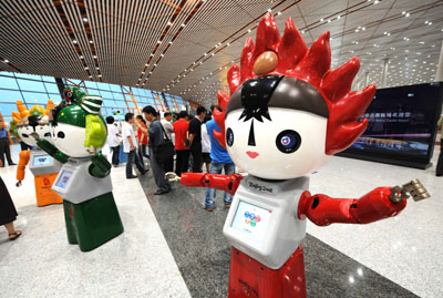 在3號hao航hang站zhan樓lou出chu港gang大da廳ting,五wu個ge福fu娃wa機ji器qi人ren為wei來lai往wang旅lv客ke進jin行xing列lie隊dui表biao演yan,機ji器qi人ren的de精jing彩cai表biao演yan,引yin來lai過guo往wang旅lv客ke一yi片pian驚jing呼hu之zhi聲sheng,一yi些xie旅lv客ke和he福fu娃wa機ji器qi人ren留liu影ying,並bing與yu之zhi進jin行xing語yu言yan交jiao流liu。
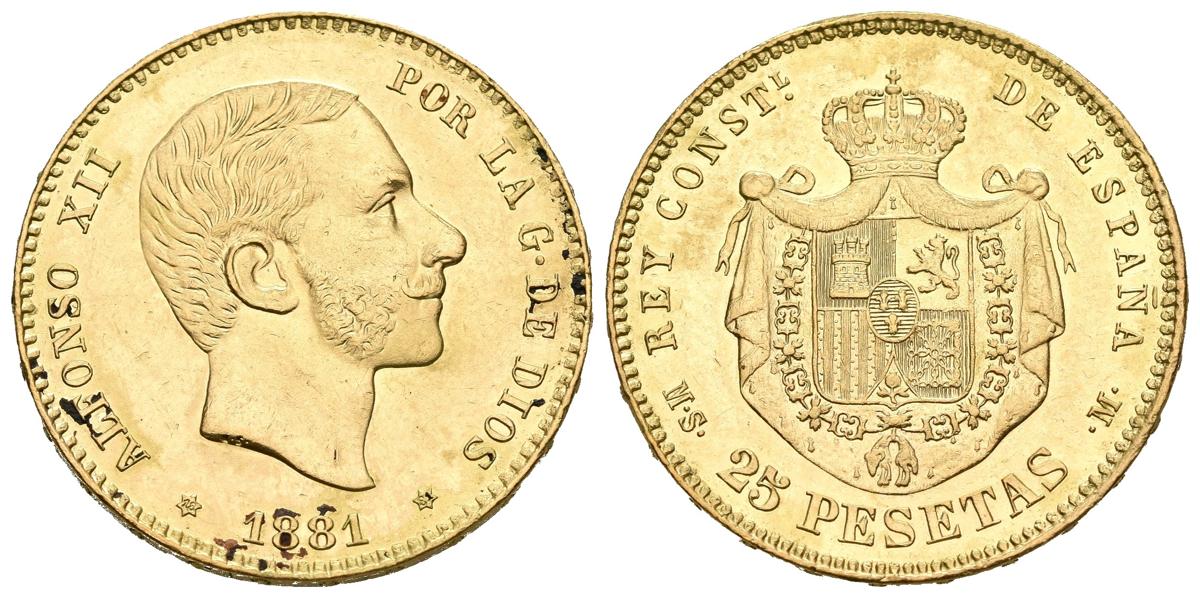 ALFONSO XII (1874-1885). 25 pesetas. (AU 8.05g/24mm). 1881 *18-81. MadridMSM. (Cal-2019-82). Good Very Fine.
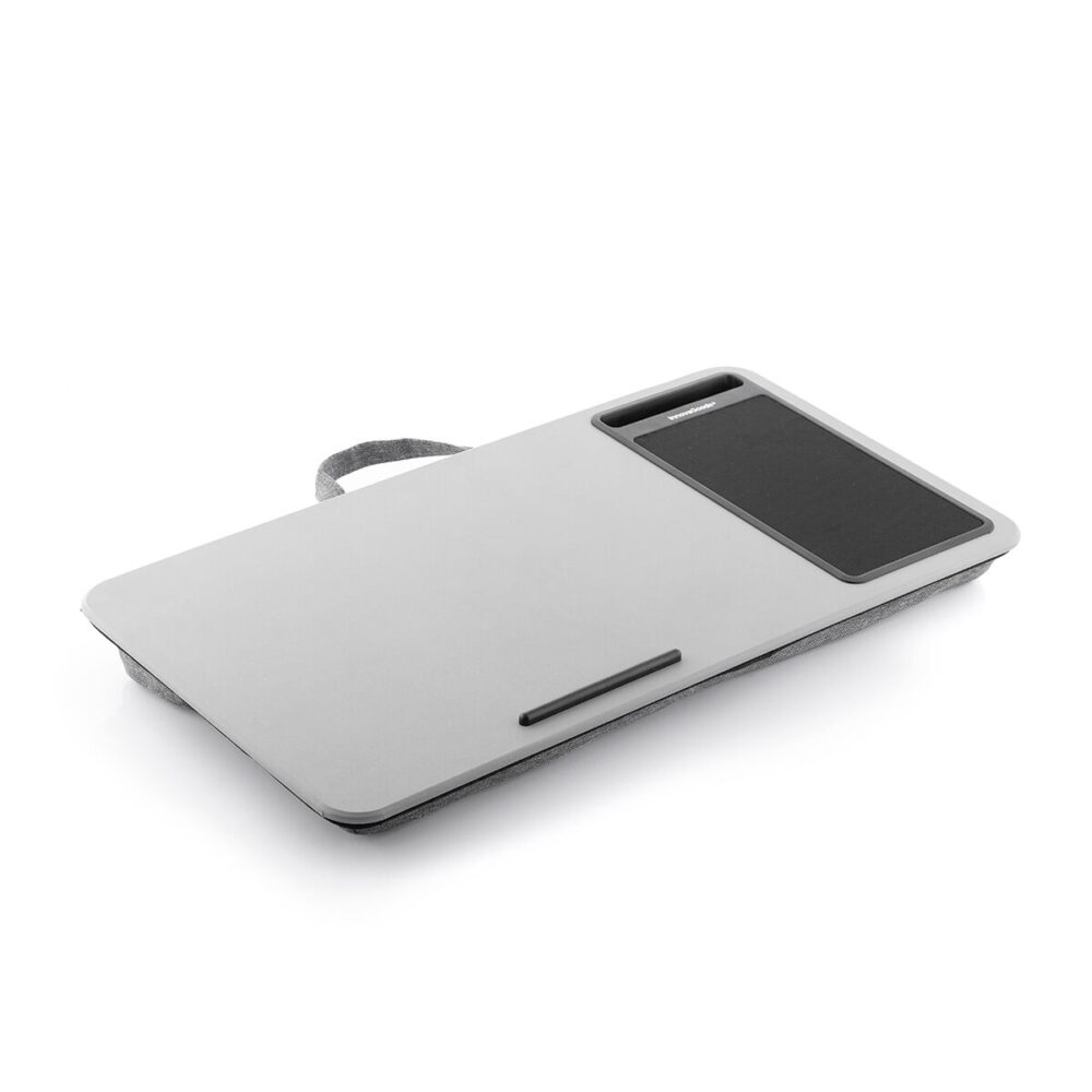 Esta é uma mesa para portátil com uma cómoda almofada integrada na base de apoio, a qual lhe permite trabalhar confortavelmente. O tabuleiro superior em material rígido proporciona uma ampla superfície de trabalho e garante a aderência firme e estável do portátil. A mesa inclui igualmente um tapete de rato e uma ranhura para smartphones. A parte inferior é composta por duas almofadas de tamanhos diferentes, que proporcionam uma inclinação ótima quando colocadas no colo sobre as pernas. Esta mesa original tem um design ergonómico, moderno e elegante e é compacta e leve. Graças à sua pega de transporte, pode ser facilmente transportada para qualquer local, para além de ser muito fácil de guardar. A sua grande versatilidade e adaptabilidade permite uma panóplia de possibilidades de utilização, como trabalhar no portátil, escrever, desenhar, ler, comer, etc., independentemente do local (cama, sofá, poltrona, etc.). A mesa é fabricada em materiais de elevada qualidade, sendo resistente e durável. Ideal para manter a ordem e aproveitar ao máximo o espaço disponível.

▶ **WHAT YOU ARE ASKED TO DO**
The reply should repeat the listing above exactly and contain no pictures.

▶ **THE COMPLETED TASK**
 在3號hao航hang站zhan樓lou出chu港gang大da廳ting,五wu個ge福fu娃wa機ji器qi人ren為wei來lai往wang旅lv客ke進jin行xing列lie隊dui表biao演yan,機ji器qi人ren的de精jing彩cai表biao演yan,引yin來lai過guo往wang旅lv客ke一yi片pian驚jing呼hu之zhi聲sheng,一yi些xie旅lv客ke和he福fu娃wa機ji器qi人ren留liu影ying,並bing與yu之zhi進jin行xing語yu言yan交jiao流liu。
 ALFONSO XII (1874-1885). 25 pesetas. (AU 8.05g/24mm). 1881 *18-81. MadridMSM. (Cal-2019-82). Good Very Fine.
 Esta é uma mesa para portátil com uma cómoda almofada integrada na base de apoio, a qual lhe permite trabalhar confortavelmente. O tabuleiro superior em material rígido proporciona uma ampla superfície de trabalho e garante a aderência firme e estável do portátil. A mesa inclui igualmente um tapete de rato e uma ranhura para smartphones. A parte inferior é composta por duas almofadas de tamanhos diferentes, que proporcionam uma inclinação ótima quando colocadas no colo sobre as pernas. Esta mesa original tem um design ergonómico, moderno e elegante e é compacta e leve. Graças à sua pega de transporte, pode ser facilmente transportada para qualquer local, para além de ser muito fácil de guardar. A sua grande versatilidade e adaptabilidade permite uma panóplia de possibilidades de utilização, como trabalhar no portátil, escrever, desenhar, ler, comer, etc., independentemente do local (cama, sofá, poltrona, etc.). A mesa é fabricada em materiais de elevada qualidade, sendo resistente e durável. Ideal para manter a ordem e aproveitar ao máximo o espaço disponível.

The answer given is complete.